The Hantavirus Nucleocapsid Protein Recognizes Specific Features of the Viral RNA Panhandle and Is Altered in Conformation upon RNA Binding

M. A. Mir and A. T. Panganiban^*

Department of Molecular Genetics and Microbiology, University of New Mexico Health Sciences Center, Albuquerque, New Mexico

Received 27 May 2004/ Accepted 21 September 2004

Hantaviruses are tripartite negative-sense RNA viruses and members of the Bunyaviridae family. The nucleocapsid (N) protein is the principal structural component of the viral capsid. N forms a stable trimer that specifically recognizes the panhandle structure formed by the viral RNA termini. We used trimeric glutathione S-transferase (GST)-N protein and small RNA panhandles to examine the requirements for specific recognition by Sin Nombre hantavirus N. Trimeric GST-N recognizes the panhandles of the three viral RNAs (S, M, and L) with high affinity, whereas the corresponding plus-strand panhandles of the complementary RNA are recognized with lower affinity. Based on analysis of nucleotide substitutions that alter either the higher-order structure of the panhandle or the primary sequence of the panhandle, both secondary structure and primary sequence are necessary for stable interaction with N. A panhandle 23 nucleotides long is necessary and sufficient for high-affinity binding by N, and stoichiometry calculations indicate that a single N trimer interacts with a single panhandle.

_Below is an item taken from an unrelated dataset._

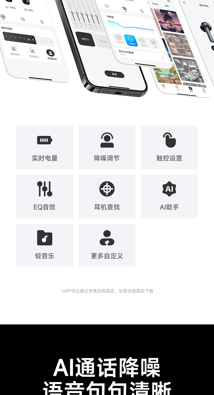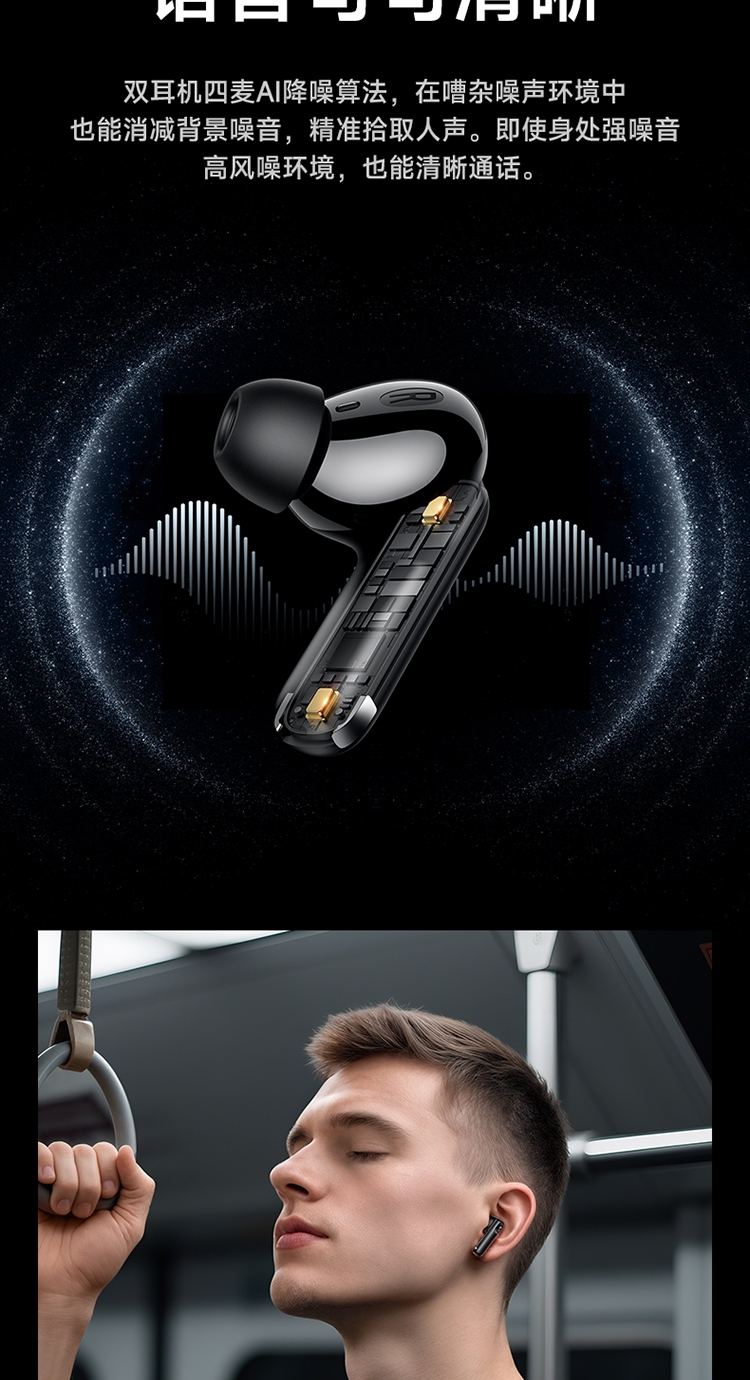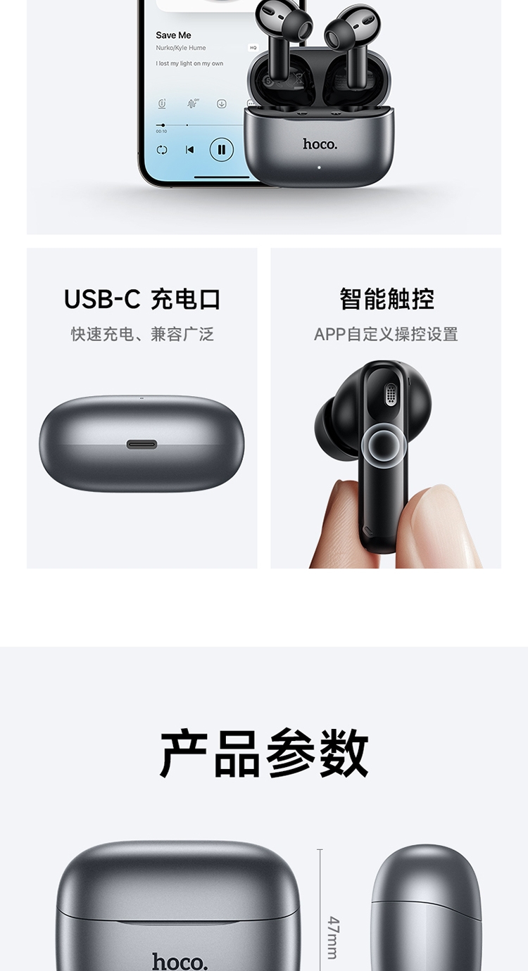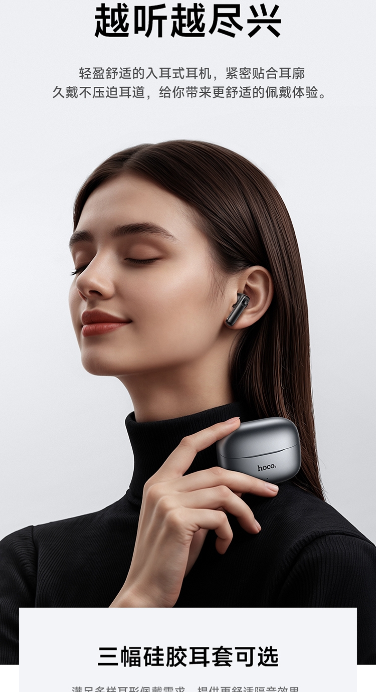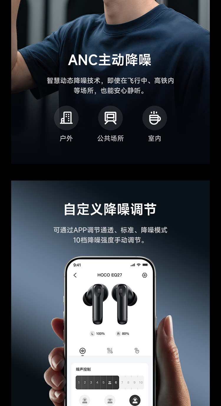 浩酷首款智能AI翻译耳机;搭配hoco.music APP使用可获得更多功能;支持ANC+ENC降噪

Surprisingly, displacement of the panhandle structure away from the terminus does not eliminate recognition by N. The binding of N to the panhandle is an entropy-driven process resulting in initial stable N-RNA interaction followed by a conformational change in N. Taken together, these data provide insight into the molecular events that take place during interaction of N with the panhandle and suggest that specific high-affinity interaction between an RNA binding domain of trimeric N and the panhandle is required for encapsidation of the three viral RNAs.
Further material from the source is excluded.